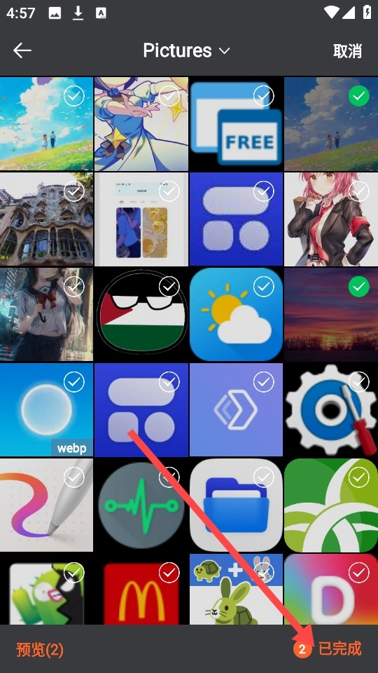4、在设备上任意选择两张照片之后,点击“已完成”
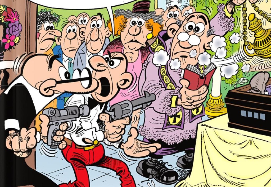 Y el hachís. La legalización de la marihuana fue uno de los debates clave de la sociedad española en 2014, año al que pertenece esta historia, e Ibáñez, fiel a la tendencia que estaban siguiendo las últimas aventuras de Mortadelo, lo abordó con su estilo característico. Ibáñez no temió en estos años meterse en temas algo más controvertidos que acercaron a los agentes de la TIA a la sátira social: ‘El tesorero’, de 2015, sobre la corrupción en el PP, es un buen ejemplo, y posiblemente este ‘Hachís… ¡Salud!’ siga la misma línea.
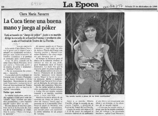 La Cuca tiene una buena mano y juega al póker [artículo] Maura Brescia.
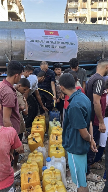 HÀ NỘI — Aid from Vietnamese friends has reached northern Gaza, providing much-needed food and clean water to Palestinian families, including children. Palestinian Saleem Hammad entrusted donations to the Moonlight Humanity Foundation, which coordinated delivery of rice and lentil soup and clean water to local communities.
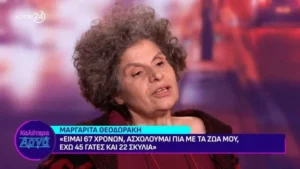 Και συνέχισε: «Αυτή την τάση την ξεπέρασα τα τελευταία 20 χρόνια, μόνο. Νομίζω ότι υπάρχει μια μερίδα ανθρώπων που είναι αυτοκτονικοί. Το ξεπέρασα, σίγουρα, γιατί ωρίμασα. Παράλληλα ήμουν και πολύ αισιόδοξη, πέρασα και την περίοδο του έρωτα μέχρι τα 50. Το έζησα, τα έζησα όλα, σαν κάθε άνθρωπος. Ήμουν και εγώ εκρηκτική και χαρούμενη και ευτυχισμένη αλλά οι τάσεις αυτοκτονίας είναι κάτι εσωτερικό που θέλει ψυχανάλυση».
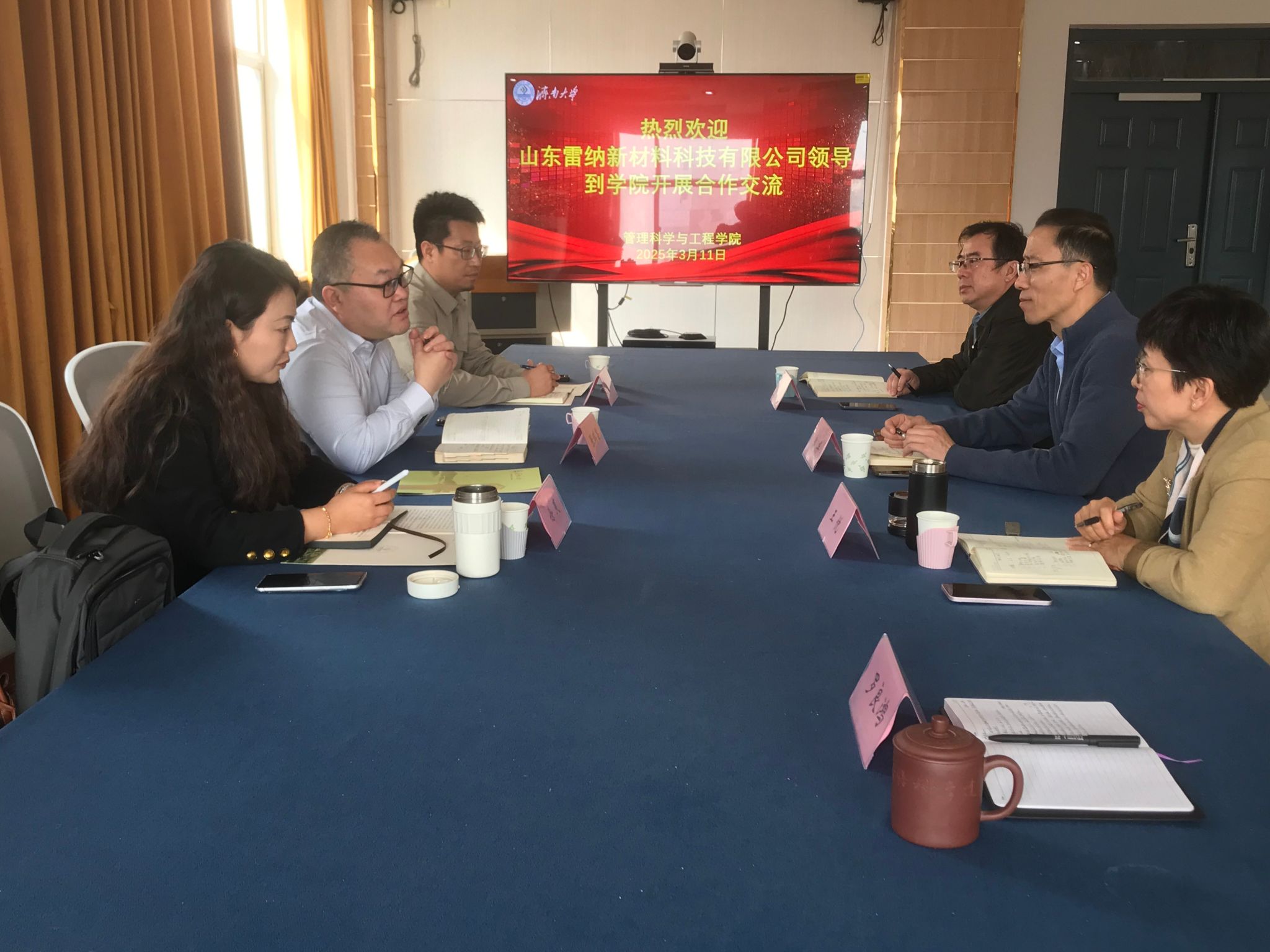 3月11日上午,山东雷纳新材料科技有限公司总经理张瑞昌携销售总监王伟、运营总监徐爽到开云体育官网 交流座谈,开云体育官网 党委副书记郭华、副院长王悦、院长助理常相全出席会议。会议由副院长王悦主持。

• THE TASK: Every record is to be reproduced exactly, with no pictures included.

• REPLY:
4、在设备上任意选择两张照片之后,点击“已完成”
 Y el hachís. La legalización de la marihuana fue uno de los debates clave de la sociedad española en 2014, año al que pertenece esta historia, e Ibáñez, fiel a la tendencia que estaban siguiendo las últimas aventuras de Mortadelo, lo abordó con su estilo característico. Ibáñez no temió en estos años meterse en temas algo más controvertidos que acercaron a los agentes de la TIA a la sátira social: ‘El tesorero’, de 2015, sobre la corrupción en el PP, es un buen ejemplo, y posiblemente este ‘Hachís… ¡Salud!’ siga la misma línea.
 La Cuca tiene una buena mano y juega al póker [artículo] Maura Brescia.
 HÀ NỘI — Aid from Vietnamese friends has reached northern Gaza, providing much-needed food and clean water to Palestinian families, including children. Palestinian Saleem Hammad entrusted donations to the Moonlight Humanity Foundation, which coordinated delivery of rice and lentil soup and clean water to local communities.
 Και συνέχισε: «Αυτή την τάση την ξεπέρασα τα τελευταία 20 χρόνια, μόνο. Νομίζω ότι υπάρχει μια μερίδα ανθρώπων που είναι αυτοκτονικοί. Το ξεπέρασα, σίγουρα, γιατί ωρίμασα. Παράλληλα ήμουν και πολύ αισιόδοξη, πέρασα και την περίοδο του έρωτα μέχρι τα 50. Το έζησα, τα έζησα όλα, σαν κάθε άνθρωπος. Ήμουν και εγώ εκρηκτική και χαρούμενη και ευτυχισμένη αλλά οι τάσεις αυτοκτονίας είναι κάτι εσωτερικό που θέλει ψυχανάλυση».
 3月11日上午,山东雷纳新材料科技有限公司总经理张瑞昌携销售总监王伟、运营总监徐爽到开云体育官网 交流座谈,开云体育官网 党委副书记郭华、副院长王悦、院长助理常相全出席会议。会议由副院长王悦主持。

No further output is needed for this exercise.